I don't think the problem was ever so much the bite point, but it was that non-linearity caused by the spring which made judging the bite point so difficult. Adjusting the pedal may change where in the pedal throw the bite point occurs, and that might help if you move it further away from the point where the spring is suddenly changing that pivot point and giving you that lurch. But I think it would be worth changing the spring first, seeing how that feels, and then making any further adjustments.
There's also the complication that changing the pedal position might have an affect on the quality of the gearchange; you are effectively changing the length of the pedal throw, by moving the pedal along the rod which goes between the pedal and the clutch master cylinder, and this might effect the amount the slave cylinder moves - if you adjust the rod to bring the pedal down, it will physically bring the pedal down, yes...but it might also mean your clutch doesn't fully disengage, as even with the pedal fully depressed, the rod hasn't been pushed in as far as it would usually.

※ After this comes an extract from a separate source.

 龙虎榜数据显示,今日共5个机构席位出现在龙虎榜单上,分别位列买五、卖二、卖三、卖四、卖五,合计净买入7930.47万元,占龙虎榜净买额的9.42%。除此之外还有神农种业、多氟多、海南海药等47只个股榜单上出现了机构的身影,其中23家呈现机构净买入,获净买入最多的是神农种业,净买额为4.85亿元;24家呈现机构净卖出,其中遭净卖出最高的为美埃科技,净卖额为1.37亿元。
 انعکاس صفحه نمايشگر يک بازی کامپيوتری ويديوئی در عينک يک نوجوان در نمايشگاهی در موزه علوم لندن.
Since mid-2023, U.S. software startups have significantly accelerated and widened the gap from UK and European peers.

I remember having lots of similar discussions about this with the first gen - I even remember there was one guy who had constant complaints about the quality of his gearshift and adjusted his clutch pedal the opposite way to what most people are talking about here (ie, effectively raising the pedal position), and the result was that it completely cured his second gear crunch.
I just found a video which gives a better demonstration of how the clutch pedal adjustment has an effect (on a first gen BRZ, which should have the same setup as this car). If you go to about 1.18, you'll see where he has threaded the adjuster rod to it's minimal position, which lowers the pedal - but observe how it reduces throw of the slave cylinder and therefore the amount the clutch disengages. I think the optimal position is actually to have the rod set to it's maximum position that it can be without actuating the slave - that way, you get more 'throw' to work with. I ended up having it set like this on my GT86, and the result, along with the MTEC spring, was a clutch pedal that felt heavier, more linear and had a longer throw as it was actuating the clutch more effectively and it actually made shifting smoother as a result.

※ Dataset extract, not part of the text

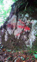 | 石仏の左に文字らしきものがうっすら彫られているが僕には意味がわからない。 やまあそさんが来訪時に解読してくれるだろう。 二体安置されているならもう一体があるはずなのに「これのみ」と思いこみ、探さずに 曇り空ながら展望が利く赤倉山方面をながめながらゆっくり休憩していた。 文字の解読ともう一体の捜索は、石仏熱中人のやまあそさんに託すことにしよう。 5日に佐野さんたちとここに来ていれば、ボルダリングで2つの岩のてっぺんに登ったか もしれないが、今日は1人なのでロープはあるものの登るのはやめておいた。 |

Step by step guide here…..
www.gr86.org
Also, just to add, this step by step is for a US LHD car. The adjustment is much easier to make in a LHD, as the master cylinder rod is not located directly being the clutch pedal; in the RHD cars, the clutch pedal sits directly in front of that rod, and getting your fingers in to adjust it is much trickier. He also is unclipping the clevis entirely - if you're just adjusting the rod, that's not strictly necessary. You can undo the locknut, and just twist the rod within the clevis to adjust it - just placing a little pressure on the pedal as you do so will give it enough slack to allow it to turn easily.
All this isn't to scare anyone off trying it - by all means, have a play with it, as anything you do is reversible. Just wanted to share my experience that I think changing the clutch spring is the biggest benefit as that sorts the non-linearity of the pedal, which is the crux of the problem. Pedal adjustments using the master cylinder rod can then be made to suit, if you still think the bite point is wrong. Just be aware, that you don't need to make BIG adjustments - you may find that a half-turn either way might have quite a noticeable effect, so don't go mad, and also, it might be best to take note of the starting position. You can get quite invested in fiddling with it (ask me how I know!) and it becomes very subjective to your level of feel, so it's always useful to be able to return to the default, factory position if you start to lose track of what adjustments you are making.